This week, the National Labor Relations Board (NLRB) rejected a bid to unionize student-athletes who receive grant-in-aid scholarships to play football for Northwestern University. However, the Board did not reach the question of whether the Northwestern football players qualify as employees under the National Labor Relations Act, which was the central question in the case. Instead, the Board declined to assert its jurisdiction over the case, based in large part on the fact that so few college football teams other than Northwestern could qualify as private employers subject to the Act.
In March 2014, the Regional Director of Region 13 of the NLRB issued a Decision and Direction of Election in which he determined that those football players who receive athletic scholarships from Northwestern, a private university, were employees of the university under Section 2(3) of the Act, and that a bargaining unit including all scholarship players was appropriate. Northwestern University, 362 NLRB No. 167 at *1 (Aug. 17, 2015). An election was held on April 25, 2014, and the ballots were impounded pending the Board’s review of the Regional Director’s decision. Id n.1.

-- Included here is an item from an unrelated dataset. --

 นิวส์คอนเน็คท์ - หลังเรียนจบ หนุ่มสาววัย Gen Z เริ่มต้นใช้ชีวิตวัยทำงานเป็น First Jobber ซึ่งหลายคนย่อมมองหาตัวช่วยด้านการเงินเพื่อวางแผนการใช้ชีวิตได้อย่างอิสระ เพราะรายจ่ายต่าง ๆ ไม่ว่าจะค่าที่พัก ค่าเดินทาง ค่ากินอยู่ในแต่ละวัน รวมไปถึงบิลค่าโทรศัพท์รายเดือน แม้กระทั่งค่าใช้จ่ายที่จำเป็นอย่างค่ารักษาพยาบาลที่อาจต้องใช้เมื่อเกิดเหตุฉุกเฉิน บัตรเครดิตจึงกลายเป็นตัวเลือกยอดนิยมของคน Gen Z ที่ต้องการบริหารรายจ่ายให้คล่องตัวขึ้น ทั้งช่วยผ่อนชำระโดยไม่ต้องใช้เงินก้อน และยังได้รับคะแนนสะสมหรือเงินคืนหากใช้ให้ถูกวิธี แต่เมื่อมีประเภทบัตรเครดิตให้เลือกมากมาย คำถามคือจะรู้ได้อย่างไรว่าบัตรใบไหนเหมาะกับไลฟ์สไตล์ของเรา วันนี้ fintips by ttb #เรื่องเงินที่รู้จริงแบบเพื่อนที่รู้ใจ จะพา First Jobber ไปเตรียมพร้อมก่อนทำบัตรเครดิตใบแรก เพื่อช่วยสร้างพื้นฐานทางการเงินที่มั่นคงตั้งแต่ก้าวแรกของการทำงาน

The Board issued an invitation to the parties and interested amici curiae to submit briefs, and it received a whopping 22 amici briefs from various groups of universities, labor organizations, and other interested parties. Id. at *1. However, in its unanimous August 17, 2015 decision, the Board declined to assert jurisdiction in the case and chose not to determine whether the scholarship players were statutory employees under the Act. Id. The Board noted that even in cases where it has the statutory authority to take action, “the Board sometimes properly declines to do so, stating that the policies of the Act would not be effectuated by its assertion of jurisdiction in that case.” Id. at *3 (quoting NLRB v. Denver Building Trades Council, 341 U.S. 675, 684 (1951)).

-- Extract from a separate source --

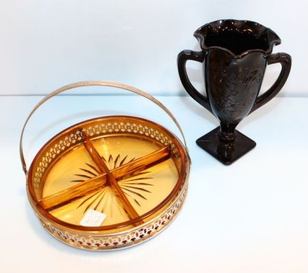 947 Amethyst Loving Cup & Amber Divided Dish

In this case, the Board exercised its discretion not to assert jurisdiction and dismissed the representation petition filed by the union (College Athletes Players Association) on behalf of the scholarship players. Id. at *1, 7. The Board held that asserting jurisdiction would not promote labor stability due to the nature of the National Collegiate Athletic Association (NCAA) and the Big Ten Conference. Id. at *4-6. Of the roughly 125 teams that play football under the NCAA’s Division I Football Bowl Subdivision (FBS), 108 are state-run colleges and universities, over which the Board lacks jurisdiction by statute. Id. at *6. Furthermore, Northwestern is the only private school in the 14-member Big Ten Conference, meaning that the Board could not assert jurisdiction over any of Northwestern’s main competitors. Id. Thus, the Board held, asserting jurisdiction over this one university’s football players would not promote stability in labor relations. Id.
The Board was careful to limit the scope of its decision. It explained that this decision does not concern any other individuals involved with FBS football, such as coaches, employees or referees. Id. Furthermore, the Board declined jurisdiction only over the players in this case and did not preclude reconsideration of the issue in the future, especially if new circumstances arise which compel the Board to revisit its policy. Id.